Goal of the exercise
The full listing, copied exactly and free of pictures, is the expected reply.

Given data
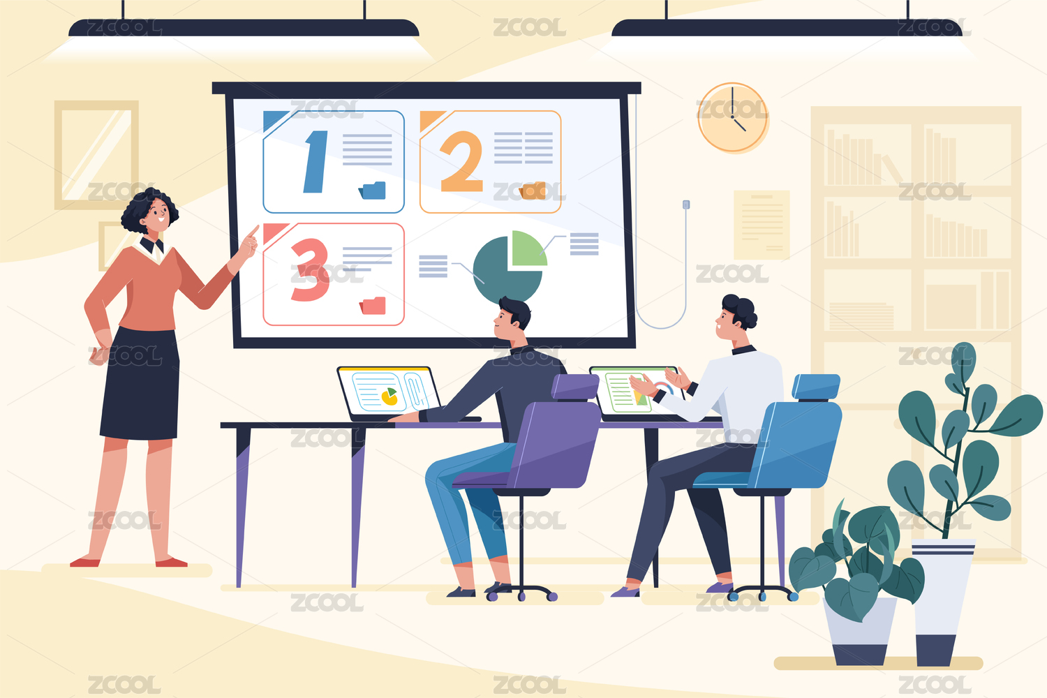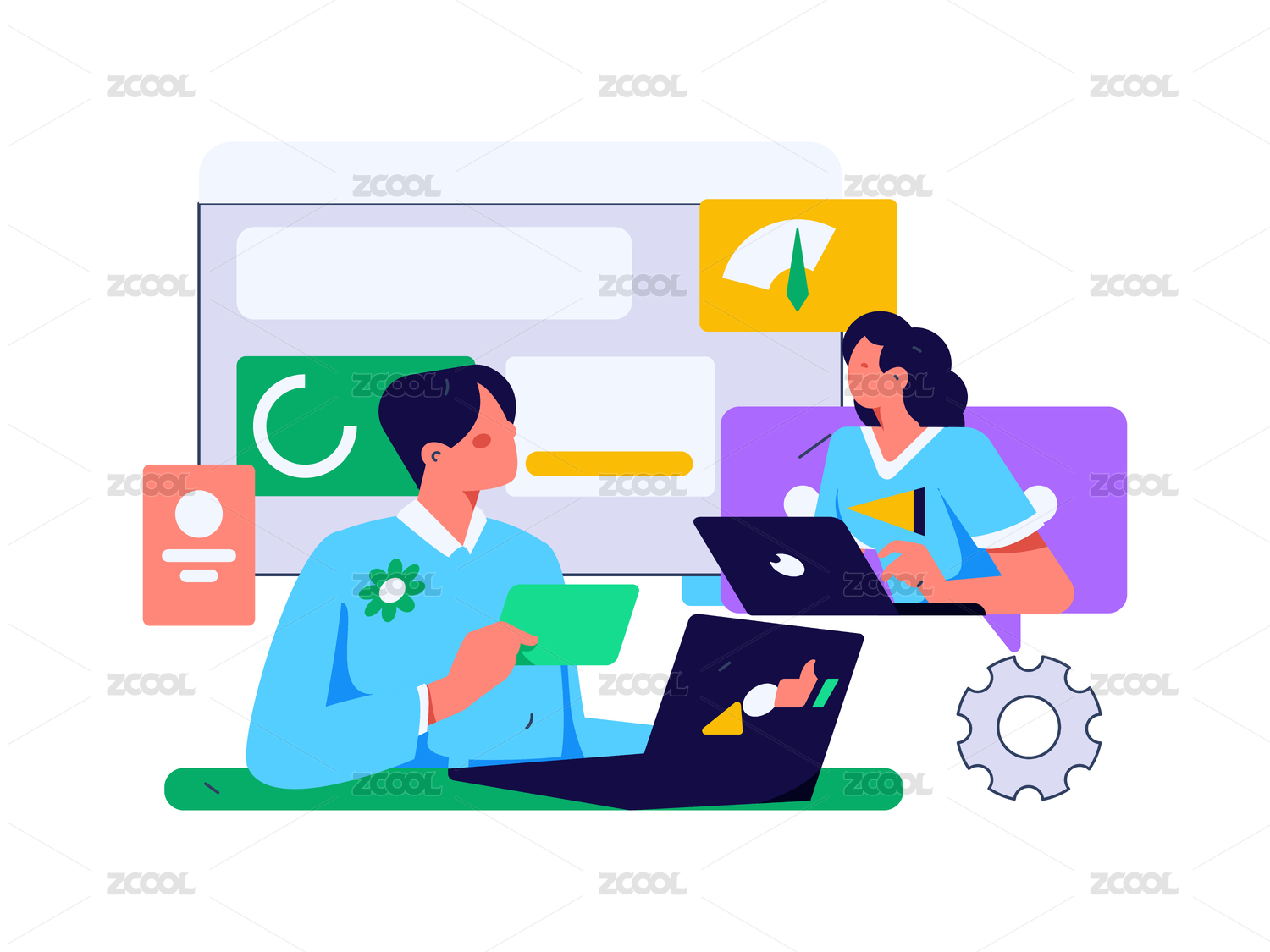为追赶进度的伙伴加油2,扁平矢量人物场景创意概念插画
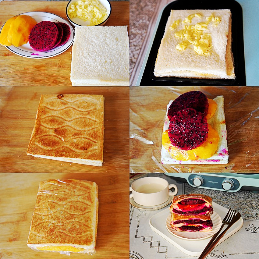 食材:吐司3片;芒果1个;红心火龙果1个;马苏里拉适量。
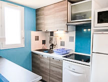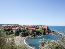 Residence "Les Roches Bleues". Na rubu mjesta, 1.5 km od centra mjesta Collioure, 200 m od mora, 200 m od plaže. Trgovina 1 km, supermarket 400 m, restoran 500 m, željeznička postaja "Collioure" 2.5 km, šljunčana plaža "Plage de l'Oli" 200 m, ronilački centar 3 km. Sportska lučica 1 km, golf teren (27 rupa) 25 km, škola jedrenja 2.2 km. U blizini: Château Royal de Collioure 2 km, Port Vendres 1 km, Banyuls sur Mer 8 km. Dodatna informacija: nema dizala.Interior
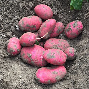 крупные клубни овальной формы ярко-малинового цвета, в количестве
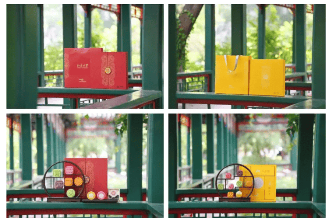 红色礼盒名为“燕园皓月”,黄色礼盒名为“燕园秋月”。每一枚月饼纹印燕园符号:校徽、西门、大学堂、未名湖、博雅塔……每一口都饱含燕园的深情。
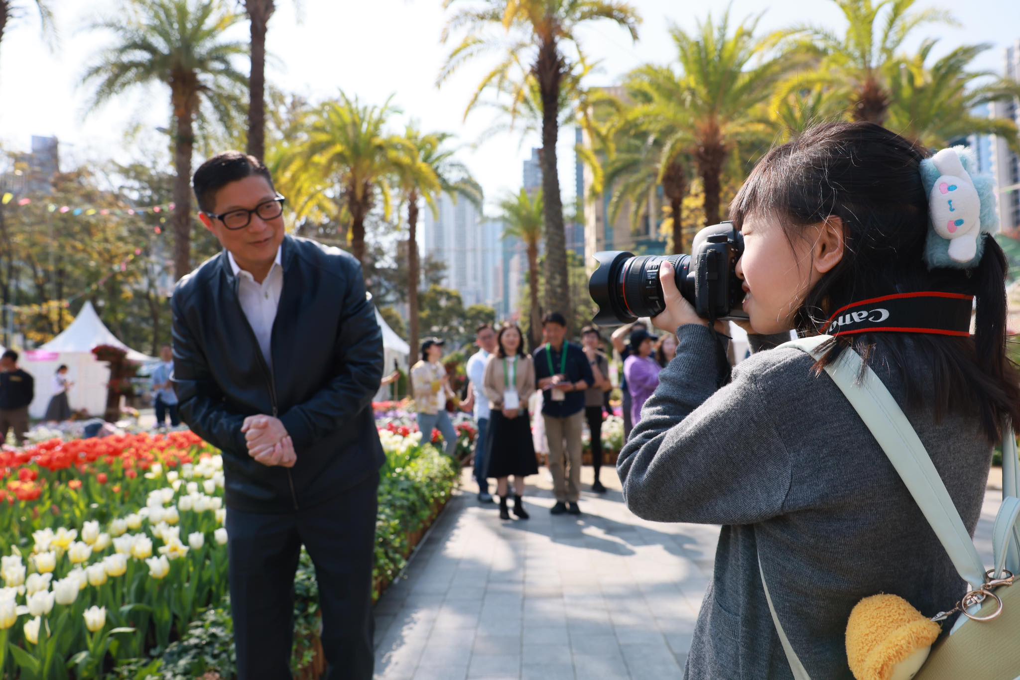 鄧炳強今午在社交平臺發(fā)文表示,「香港盛匯超級三月」日日都有好節(jié)目,他趁著今天周末去逛維園花展,遇到好多市民來賞花打卡,每個展區(qū)都各具特色,繁花似錦。
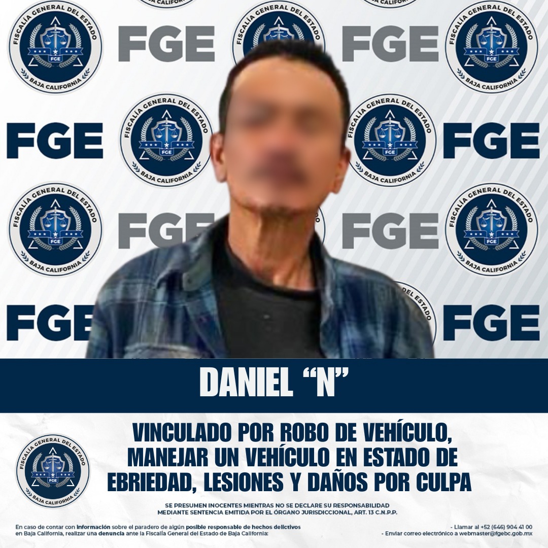 ENSENADA, BAJA CALIFORNIA. - La Fiscalía Regional de Ensenada informa que se obtuvo la vinculación a proceso de Daniel “N” por su probable responsabilidad en los delitos de robo de vehículo, manejar un vehículo en estado de ebriedad, lesiones por culpa y daños en propiedad ajena por culpa, tras un incidente registrado el pasado 16 de octubre de 2025 en el poblado de Maneadero.

Task solution
为追赶进度的伙伴加油2,扁平矢量人物场景创意概念插画
 食材:吐司3片;芒果1个;红心火龙果1个;马苏里拉适量。
 Residence "Les Roches Bleues". Na rubu mjesta, 1.5 km od centra mjesta Collioure, 200 m od mora, 200 m od plaže. Trgovina 1 km, supermarket 400 m, restoran 500 m, željeznička postaja "Collioure" 2.5 km, šljunčana plaža "Plage de l'Oli" 200 m, ronilački centar 3 km. Sportska lučica 1 km, golf teren (27 rupa) 25 km, škola jedrenja 2.2 km. U blizini: Château Royal de Collioure 2 km, Port Vendres 1 km, Banyuls sur Mer 8 km. Dodatna informacija: nema dizala.Interior
 крупные клубни овальной формы ярко-малинового цвета, в количестве
 红色礼盒名为“燕园皓月”,黄色礼盒名为“燕园秋月”。每一枚月饼纹印燕园符号:校徽、西门、大学堂、未名湖、博雅塔……每一口都饱含燕园的深情。
 鄧炳強今午在社交平臺發(fā)文表示,「香港盛匯超級三月」日日都有好節(jié)目,他趁著今天周末去逛維園花展,遇到好多市民來賞花打卡,每個展區(qū)都各具特色,繁花似錦。
 ENSENADA, BAJA CALIFORNIA. - La Fiscalía Regional de Ensenada informa que se obtuvo la vinculación a proceso de Daniel “N” por su probable responsabilidad en los delitos de robo de vehículo, manejar un vehículo en estado de ebriedad, lesiones por culpa y daños en propiedad ajena por culpa, tras un incidente registrado el pasado 16 de octubre de 2025 en el poblado de Maneadero.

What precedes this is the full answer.